Google is using machine learning algorithms that will accelerate the manufacturing process of artificial intelligence chips. The method used to produce these processors is faster than the manual process and you can get the same results.
According to Google in an interview with Nature, this project will be used for the first time in a commercial product. Specifically, in a future version of the TPU chips ( Tensor Processing Unit). A component capable of performing artificial intelligence tasks and that is used in Google's data centers.
The task that machine learning algorithms must perform is faster and more efficient than that of humans for a reason: AI does not have to study or solve, but rather try another combination. Thus, until it is right.
The people in charge of manufacturing artificial intelligence chips must study the processes, check the operation of each component, connect them together, make use of external tools, etc. If there is a failure, the engineering team looks for a solution, something that can take weeks to manufacture the component.
The manufacture of chips for artificial intelligence is “like a game”

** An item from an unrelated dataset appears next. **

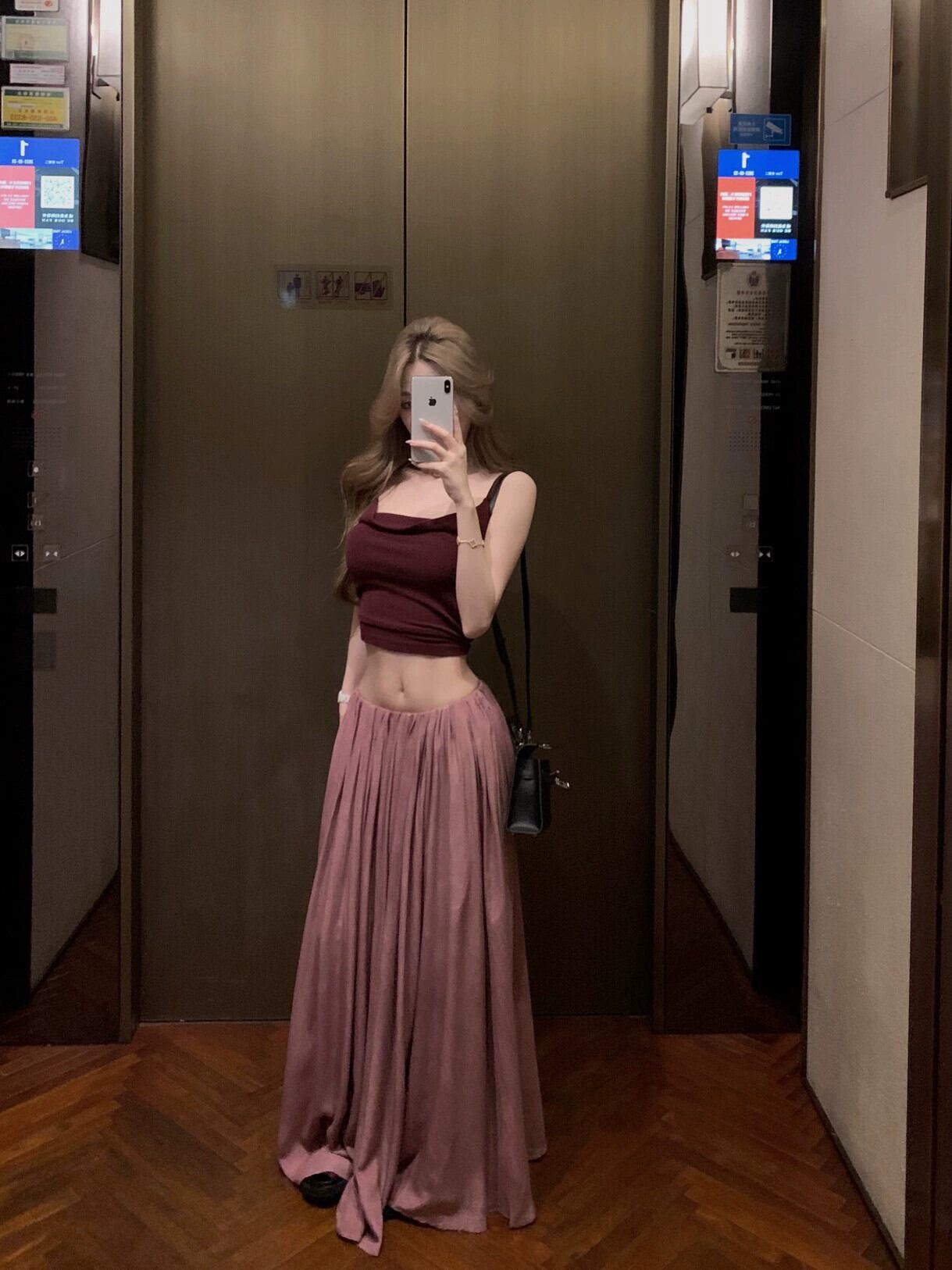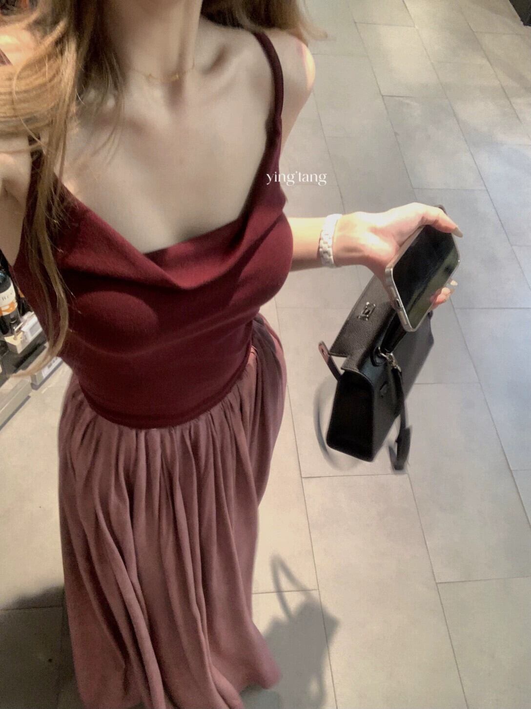 セクシーな風ファッションスーツ女性の夏 2023 新しい赤いスイングカラーキャミソールハイウエストスカート 2 点セット ハイウェスト レッド サマー 夏物 092199012374009

Image: Receiver chip. Fraunhofer Institute On the other hand, this process is much easier using AI, which takes this task “like a game” , according to the Google engineers. The mechanics are very simple: there is an integrated circuit to which they must place small components. The goal is to find the right fit. If artificial intelligence fails that combination, try another. Thus, until you get the correct one. The funny thing about AI is that it can perform unimaginable combinations, which in turn help the component work properly.
This process has helped Google train a reinforcement learning algorithm, which has been able to create a set of 10,000 planes of varying quality. Each design has been labeled with a “score” and the algorithm uses this data to generate the correct drawings to make the chips.
While it is true that the results are not surprisingly different from those obtained with a human, the speed at which artificial intelligence can make artificial intelligence chips, seems to be a good reason to use this method.
Google has shared an image with the results obtained through AI. The stamp, which is blurred because the design is confidential, shows the difference between a chip designed by humans (left) and a blueprint designed by artificial intelligence (right).